I think that the appeal of just is that it is simpler than make. It is not checking timestamps of files, but executes a DAG of tasks unconditionally.

My first thought was that that was dropping one of the main features of make.

On reflection though, the timestamp dependant part isn't really something used much nowadays apart from compiling C.

It'd be cool if it was an opt-in feature for just files so that it could actually function as a replacement for make in all cases.

I went looking in the docs and found this[0] which I'd missed last time I looked into justfiles.

[0] https://github.com/casey/just?tab=readme-ov-file#what-are-th...

I don't really buy his justification that ".PHONY: xxx" is hard to remember so we should have a completly new tool instead.

Make has its issues, but it also has two big advantages: it's simple and everyone already have it.

Everyone already has it... on Linux and Mac. It's pretty rare for it to be available on Windows.

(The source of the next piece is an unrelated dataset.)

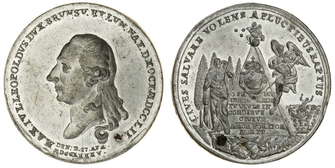 Germany, Brunswick-Wolfenbüttel, Karl Wilhelm Ferdinand (1780-1806), on the death of his brother Maxilian Julius Leopold, 1785, white metal medal by J. C. Reich, head of Maximilian left, signed r on truncation, date of his death below, rev. pyramid with crowned shield, a putto seated above, a mourning woman standing at left and Time standing at right, 43mm., extremely fine, very rare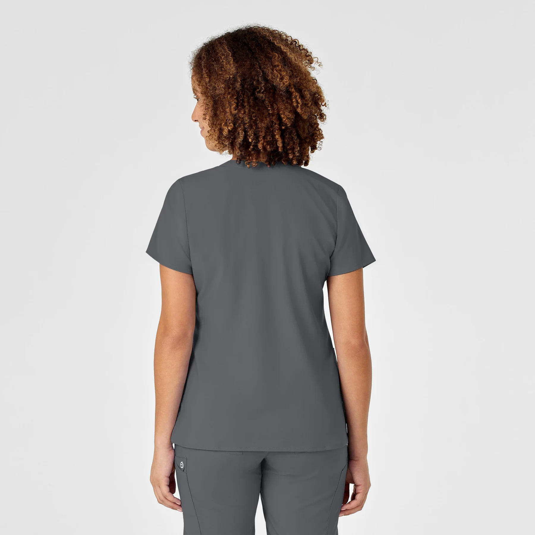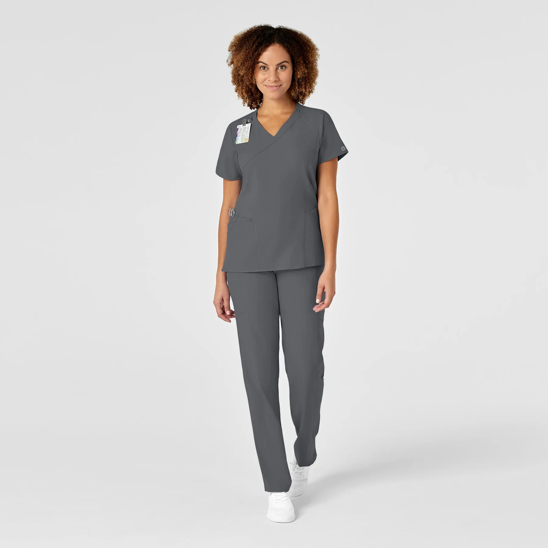 Bluza medicala moderna cu croiala semi-fit si design suprapus (mock wrap), ideala pentru profesionistele care doresc stil si functionalitate in timpul orelor lungi de lucru.

That said I kind of agree. I like the idea of `just` but it does seem like they have just created a complicated DSL.

I think it is better to just write your infra scripting in a real language. I generally use Deno or Rust itself and a thin wrapper that `cargo run`'s it. Using Rust eliminates a dependency.

Anyone who's halfway serious about software development on Windows surely has make there too, and it's not like non-developers are the target audience for 'just' scripts

> Anyone who's halfway serious about software development on Windows surely has make there too

Not even remotely. I know it might be hard to imagine if you only program on Linux/Mac but there's a whole world out there that isn't built on janky shell scripts and Makefiles. If you use C# or Java or Visual C++ or Qt on Windows it's pretty unlikely that you'd have Make. It's kind of a pain to install and you don't need it.

Literally zero of the hundreds of devs I know that do software development on windows have make installed. Why would they? It's not usual in the space at all, that's msbuild

I agree, and even more strongly: you don't even need to remember .PHONY as long as your target names don't overlap with actual filenames, which is usually easy.

In fact, I didn't even know about .PHONY and have used make for a long time. That's what's great about it, even if you stick to the most basic features make is incredibly easy and straightforward. Dare I say, it "just" works lol.

I hate the proliferation of new tools that are the same as a tool that's been around for 20 years and is no different in any significant way except being trendy. Just unnecessary entropy. Our job is to manage and reduce, not maximize entropy.

> it's simple and everyone already have it.

Not always, Go programmers for example often forget that they need C build-tools for their platform to get Make.

It's also just about the furthest thing from simple, the language is nasty so people just use it as an executor, which is a lot of tooling for such a simple use-case.

Also this:

>The explicit list of phony targets, written separately from the recipe definitions, also introduces the risk of accidentally defining a new non-phony target.

... seems to think the only way to define phony targets is:

    .PHONY: foo bar
    foo:
       ...
    bar:
       ...

... which has the problem that bar's definition is distant from its declaration as a phony target. But this form is equivalent and doesn't have that problem:

    .PHONY: foo
    foo:
       ...
    .PHONY: bar
    bar:
       ...

This ability to declare dependencies of a target over multiple definitions isn't even unique to `.PHONY`.

I recently switched my (small) company over to using just files within our codebases and it's been going over very well thus far.

We're building a set of apps that need to run on Linux, MacOS, and Windows so having a consistent solution for each is better than shell scripting and I personally have never felt great about make and it's weirdness.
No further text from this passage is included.